Video by The Daily Show. Maria Ressa – Fighting Back Against Trump’s Authoritarian Algorithm With Truth.

When Maria Ressa steps onto a stage, she carries both the scars of a journalist under siege and the conviction of a Nobel laureate determined to keep democracy alive. Her 2022 book, How to Stand Up to a Dictator: The Fight for Our Future, is not just a memoir of resistance—it’s a call to action for anyone alarmed by the erosion of truth in the digital age.

🌏 From Manila to the World Stage

Co-founder of the Philippine news site Rappler and winner of the 2021 Nobel Peace Prize, Ressa tells her story against the backdrop of Rodrigo Duterte’s presidency. Rappler’s relentless reporting on Duterte’s bloody drug war turned her into a government target. She was arrested multiple times, charged with cyberlibel, and dragged through years of legal battles. Yet she refused to be silenced.

On The Daily Show with Jon Stewart, she drew chilling parallels between Duterte’s Philippines and the United States today. She described how unchecked executive power, a compliant legislature, and a judiciary under attack mirrored the slow erosion of democracy she once witnessed at home. “It was both déjà vu and PTSD,” she said.

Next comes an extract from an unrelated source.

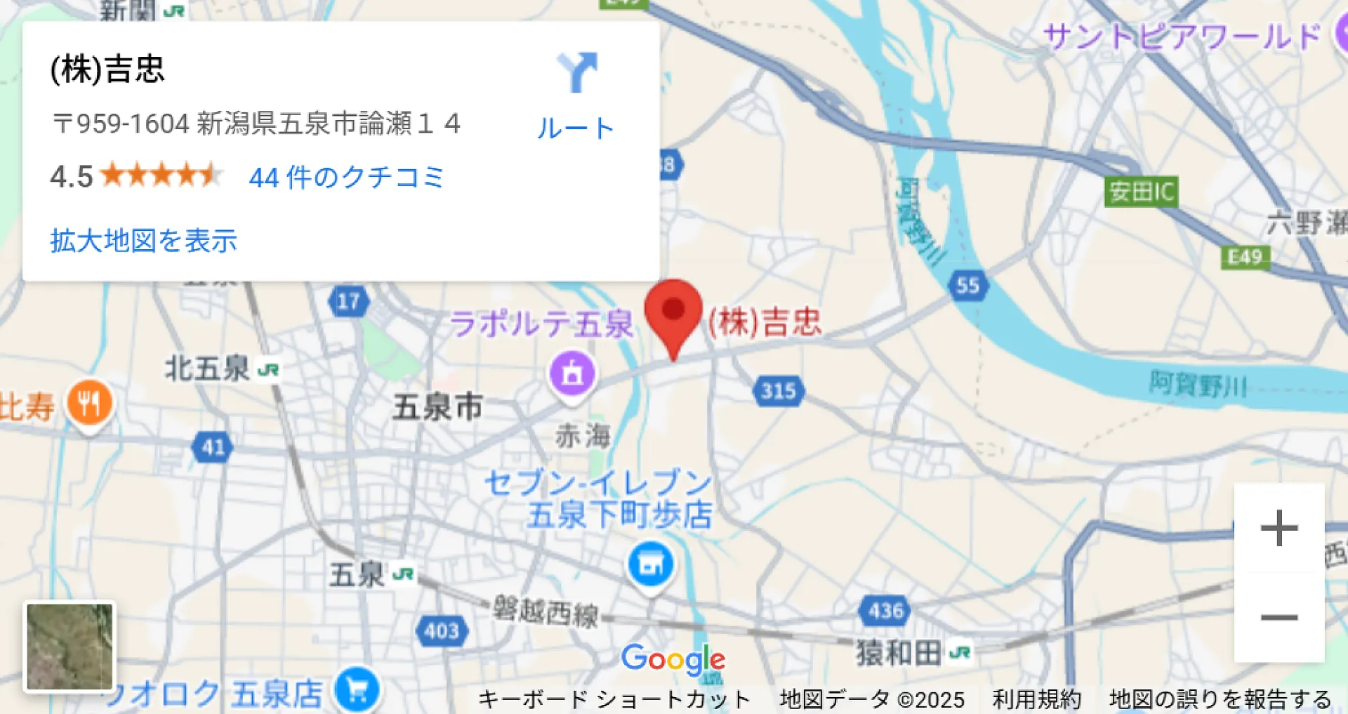 新潟県道41号白根安田線沿いラポルテ五泉すぐそば(早出川にかかる橋の近くです)社名:Car peak住所:〒959-1604 新潟県五泉市論瀬14番地TEL:0250-43-0066FAX:0250-43-3225会社案内アクセス問い合わせWEB審査フォーム

📱 The Dictator’s Digital Arsenal

The urgency of her book lies in a bigger warning: disinformation has become the dictator’s most powerful weapon. Social media, once praised for connection, now serves as a pipeline for hate and manipulation. “Without facts, you can’t have truth. Without truth, you can’t have trust. Without trust, you have no democracy,” she writes—a refrain that runs like a heartbeat through the book.

On The Daily Show, Stewart likened today’s information ecosystem to “ultra-processed speech”—junk content engineered to bypass reason and inflame fear, anger, and hate. Ressa agreed, citing a 2018 MIT study showing falsehoods spread six times faster than facts. “Online violence is real-world violence,” she warned.

She also recalled how Cambridge Analytica tested mass manipulation tactics in the Philippines before exporting them to the West. “What happened to us is just happening to you,” she told Stewart.

🕊️ A Global Warning at the UN

That same warning echoed at the United Nations’ 80th anniversary, where Ressa said “surveillance capitalism” was driving an “information Armageddon.” She noted that more than 240 journalists have been killed in Gaza alone—more than in World War I, World War II, Vietnam, and the former Yugoslavia combined. “This is unprecedented. They’re targeted, and there must be accountability,” she said.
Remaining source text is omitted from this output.